『この本を盗む者は』御倉ひるね役・東山奈央さん×与謝野蛍子役・伊藤静さん×春田貴文役・土屋神葉さんインタビュー|本の世界の演じ分けは“声優の腕の見せどころ”。多層的かつ多面的な「読長町」をキャスト全員で作り上げる
深緑野分先生の人気小説を原作とする劇場アニメ『この本を盗む者は』が、2025年12月26日(金)より公開中です。
書物の街・読長町に住む本嫌いの高校生・御倉深冬。ある日、曾祖父が創立した巨大な書庫「御倉館」の本が盗まれたことで、突然物語の世界に飲み込まれてしまいます。町を救うため、深冬は不思議な少女・真白とともに本泥棒を捕まえる旅へ。すべての呪いが解けるとき、あなたは奪われた真実と出会う——。
アニメイトタイムズでは、御倉ひるね役・東山奈央さん×与謝野蛍子役・伊藤静さん×春田貴文役・土屋神葉さんへの鼎談をお届け。本作の見どころや注目ポイントを語っていただきました。
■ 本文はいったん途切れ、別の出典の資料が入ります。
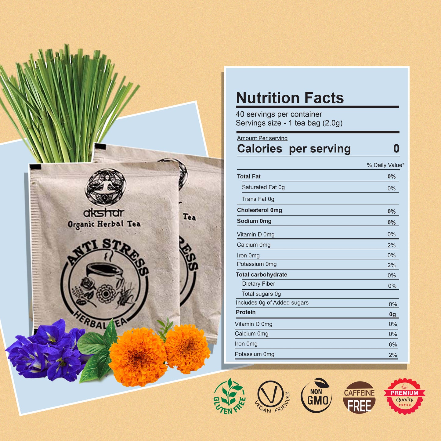 Akshit Stress Relief Tea combines four powerful herbs—Tulsi (Holy Basil), Lemongrass, Marigold (Calendula), and Butterfly Pea Flower—each chosen for their unique calming and wellness benefits. Tulsi, an adaptogen, helps reduce stress and supports mental clarity, while lemongrass offers a soothing citrusy flavor that aids relaxation and sleep. Marigold is rich in antioxidants, promoting skin health and gentle detox, and butterfly pea flower adds vibrant color while supporting mood, brain function, and stress relief. Together, these caffeine-free, antioxidant-rich ingredients create a naturally soothing cup of tea that helps you unwind, restore balance, and support overall well-being.

【写真】『この本を盗む者は』東山奈央×伊藤静×土屋神葉インタビュー
本の世界が変わるたびに“役柄”も変わる
ーー原作や脚本を読んだ感想と魅力を感じた点をお聞かせください。
御倉ひるね役・東山奈央さん(以下、東山):原作を読んだ時、「この作品を劇場アニメにしたらすごく面白いものになりそう」というワクワク感がありました。主人公の深冬ちゃんがいろいろな本の世界に飛び込んでいく中で、神話っぽい世界観のものもあれば、ハードボイルドなものもあって。
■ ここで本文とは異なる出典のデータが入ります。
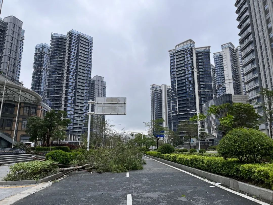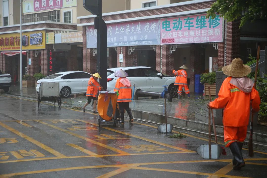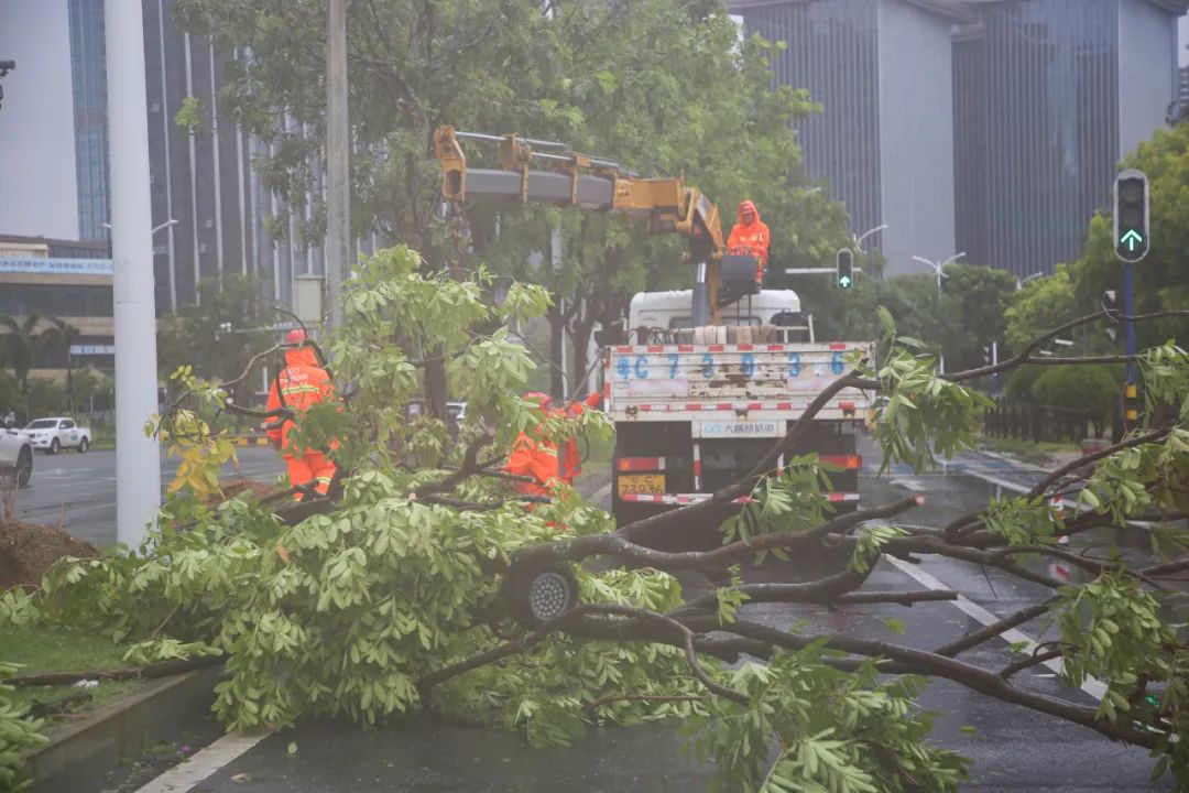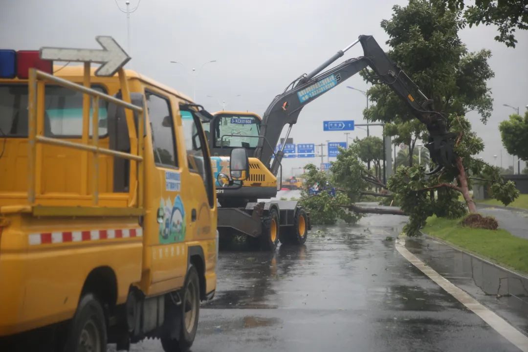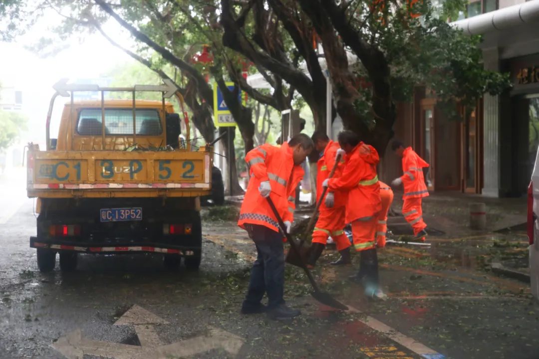 清除主路的倒伏樹木,搬運(yùn)切割下來的樹干樹枝,清掃地上的落葉和垃圾,沖洗淤泥,疏通路面積水,清理倒伏的水馬……

ーーいろいろな本の物語に入りますが、登場人物はすべて読長町の人たちなんですよね。
東山:そうなんです。一人のキャラで演じ分けをしなくてはいけないので大変だと思いますが、そこが声優の腕の見せどころということになるのでしょうか……!? キャラクターの違う一面を見ることで、ギャップも楽しめますし、限られた時間の中に面白さがギュっと詰まった作品になっています。
与謝野蛍子役・伊藤静さん(以下、伊藤):次から次へと本の世界に入り込んで、右往左往する深冬ちゃんの姿に、「自分だったらどうするのかな?」と思いながら、「この先に何が待っているんだろう?」とワクワクしました。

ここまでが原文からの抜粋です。